Records from a data source
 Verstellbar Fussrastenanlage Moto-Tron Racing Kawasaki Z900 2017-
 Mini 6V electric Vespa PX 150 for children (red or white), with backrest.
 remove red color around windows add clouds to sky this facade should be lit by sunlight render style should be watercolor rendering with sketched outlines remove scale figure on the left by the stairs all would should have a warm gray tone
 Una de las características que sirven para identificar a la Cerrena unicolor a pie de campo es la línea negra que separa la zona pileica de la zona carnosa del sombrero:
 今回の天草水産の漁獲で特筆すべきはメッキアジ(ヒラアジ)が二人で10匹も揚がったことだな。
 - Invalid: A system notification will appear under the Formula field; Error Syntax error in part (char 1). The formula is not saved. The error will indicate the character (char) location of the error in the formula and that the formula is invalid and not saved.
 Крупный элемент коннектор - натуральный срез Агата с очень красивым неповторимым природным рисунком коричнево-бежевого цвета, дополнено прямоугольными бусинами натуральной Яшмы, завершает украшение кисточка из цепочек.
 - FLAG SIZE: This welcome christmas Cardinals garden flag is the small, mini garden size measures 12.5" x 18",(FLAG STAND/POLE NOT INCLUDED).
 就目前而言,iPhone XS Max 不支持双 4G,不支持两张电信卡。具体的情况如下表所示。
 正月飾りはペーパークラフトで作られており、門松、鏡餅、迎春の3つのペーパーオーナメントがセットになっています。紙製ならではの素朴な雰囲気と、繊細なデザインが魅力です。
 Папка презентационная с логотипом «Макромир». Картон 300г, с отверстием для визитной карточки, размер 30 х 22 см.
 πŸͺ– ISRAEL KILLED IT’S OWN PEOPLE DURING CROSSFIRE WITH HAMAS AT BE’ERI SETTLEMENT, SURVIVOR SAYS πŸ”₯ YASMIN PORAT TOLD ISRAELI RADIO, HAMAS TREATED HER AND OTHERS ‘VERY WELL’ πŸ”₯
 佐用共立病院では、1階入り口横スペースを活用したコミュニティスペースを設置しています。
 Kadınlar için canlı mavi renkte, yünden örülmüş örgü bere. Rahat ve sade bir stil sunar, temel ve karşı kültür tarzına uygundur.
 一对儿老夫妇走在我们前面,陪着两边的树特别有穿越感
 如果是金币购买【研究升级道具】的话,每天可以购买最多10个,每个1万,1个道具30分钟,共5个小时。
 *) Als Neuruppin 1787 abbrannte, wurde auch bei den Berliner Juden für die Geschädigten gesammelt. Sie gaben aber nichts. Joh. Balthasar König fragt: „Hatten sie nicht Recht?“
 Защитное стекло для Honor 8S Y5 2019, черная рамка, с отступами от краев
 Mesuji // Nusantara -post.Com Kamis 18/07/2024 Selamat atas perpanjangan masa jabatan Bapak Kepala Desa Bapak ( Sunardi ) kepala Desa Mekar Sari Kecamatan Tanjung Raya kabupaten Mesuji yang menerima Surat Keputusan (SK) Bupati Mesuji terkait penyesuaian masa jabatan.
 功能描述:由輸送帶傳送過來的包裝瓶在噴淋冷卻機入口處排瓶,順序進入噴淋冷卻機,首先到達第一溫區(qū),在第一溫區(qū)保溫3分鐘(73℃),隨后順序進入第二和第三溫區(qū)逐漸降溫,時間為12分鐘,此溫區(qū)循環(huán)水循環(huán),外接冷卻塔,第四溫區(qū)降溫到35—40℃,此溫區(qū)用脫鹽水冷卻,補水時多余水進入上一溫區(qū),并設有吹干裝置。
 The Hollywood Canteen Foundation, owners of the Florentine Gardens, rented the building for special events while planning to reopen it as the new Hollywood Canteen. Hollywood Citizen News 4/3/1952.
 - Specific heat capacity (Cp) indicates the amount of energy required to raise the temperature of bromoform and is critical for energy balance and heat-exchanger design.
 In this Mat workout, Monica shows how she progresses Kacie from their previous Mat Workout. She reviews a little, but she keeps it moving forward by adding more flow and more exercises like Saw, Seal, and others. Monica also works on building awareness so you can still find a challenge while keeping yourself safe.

Exercise description: Repeat the records word for word.

Exercise answer:
 Verstellbar Fussrastenanlage Moto-Tron Racing Kawasaki Z900 2017-
 Mini 6V electric Vespa PX 150 for children (red or white), with backrest.
 remove red color around windows add clouds to sky this facade should be lit by sunlight render style should be watercolor rendering with sketched outlines remove scale figure on the left by the stairs all would should have a warm gray tone
 Una de las características que sirven para identificar a la Cerrena unicolor a pie de campo es la línea negra que separa la zona pileica de la zona carnosa del sombrero:
 今回の天草水産の漁獲で特筆すべきはメッキアジ(ヒラアジ)が二人で10匹も揚がったことだな。
 - Invalid: A system notification will appear under the Formula field; Error Syntax error in part (char 1). The formula is not saved. The error will indicate the character (char) location of the error in the formula and that the formula is invalid and not saved.
 Крупный элемент коннектор - натуральный срез Агата с очень красивым неповторимым природным рисунком коричнево-бежевого цвета, дополнено прямоугольными бусинами натуральной Яшмы, завершает украшение кисточка из цепочек.
 - FLAG SIZE: This welcome christmas Cardinals garden flag is the small, mini garden size measures 12.5" x 18",(FLAG STAND/POLE NOT INCLUDED).
 就目前而言,iPhone XS Max 不支持双 4G,不支持两张电信卡。具体的情况如下表所示。
 正月飾りはペーパークラフトで作られており、門松、鏡餅、迎春の3つのペーパーオーナメントがセットになっています。紙製ならではの素朴な雰囲気と、繊細なデザインが魅力です。
 Папка презентационная с логотипом «Макромир». Картон 300г, с отверстием для визитной карточки, размер 30 х 22 см.
 πŸͺ– ISRAEL KILLED IT’S OWN PEOPLE DURING CROSSFIRE WITH HAMAS AT BE’ERI SETTLEMENT, SURVIVOR SAYS πŸ”₯ YASMIN PORAT TOLD ISRAELI RADIO, HAMAS TREATED HER AND OTHERS ‘VERY WELL’ πŸ”₯
 佐用共立病院では、1階入り口横スペースを活用したコミュニティスペースを設置しています。
 Kadınlar için canlı mavi renkte, yünden örülmüş örgü bere. Rahat ve sade bir stil sunar, temel ve karşı kültür tarzına uygundur.
 一对儿老夫妇走在我们前面,陪着两边的树特别有穿越感
 如果是金币购买【研究升级道具】的话,每天可以购买最多10个,每个1万,1个道具30分钟,共5个小时。
 *) Als Neuruppin 1787 abbrannte, wurde auch bei den Berliner Juden für die Geschädigten gesammelt. Sie gaben aber nichts. Joh. Balthasar König fragt: „Hatten sie nicht Recht?“
 Защитное стекло для Honor 8S Y5 2019, черная рамка, с отступами от краев
 Mesuji // Nusantara -post.Com Kamis 18/07/2024 Selamat atas perpanjangan masa jabatan Bapak Kepala Desa Bapak ( Sunardi ) kepala Desa Mekar Sari Kecamatan Tanjung Raya kabupaten Mesuji yang menerima Surat Keputusan (SK) Bupati Mesuji terkait penyesuaian masa jabatan.
 功能描述:由輸送帶傳送過來的包裝瓶在噴淋冷卻機入口處排瓶,順序進入噴淋冷卻機,首先到達第一溫區(qū),在第一溫區(qū)保溫3分鐘(73℃),隨后順序進入第二和第三溫區(qū)逐漸降溫,時間為12分鐘,此溫區(qū)循環(huán)水循環(huán),外接冷卻塔,第四溫區(qū)降溫到35—40℃,此溫區(qū)用脫鹽水冷卻,補水時多余水進入上一溫區(qū),并設有吹干裝置。
 The Hollywood Canteen Foundation, owners of the Florentine Gardens, rented the building for special events while planning to reopen it as the new Hollywood Canteen. Hollywood Citizen News 4/3/1952.
 - Specific heat capacity (Cp) indicates the amount of energy required to raise the temperature of bromoform and is critical for energy balance and heat-exchanger design.
 In this Mat workout, Monica shows how she progresses Kacie from their previous Mat Workout. She reviews a little, but she keeps it moving forward by adding more flow and more exercises like Saw, Seal, and others. Monica also works on building awareness so you can still find a challenge while keeping yourself safe.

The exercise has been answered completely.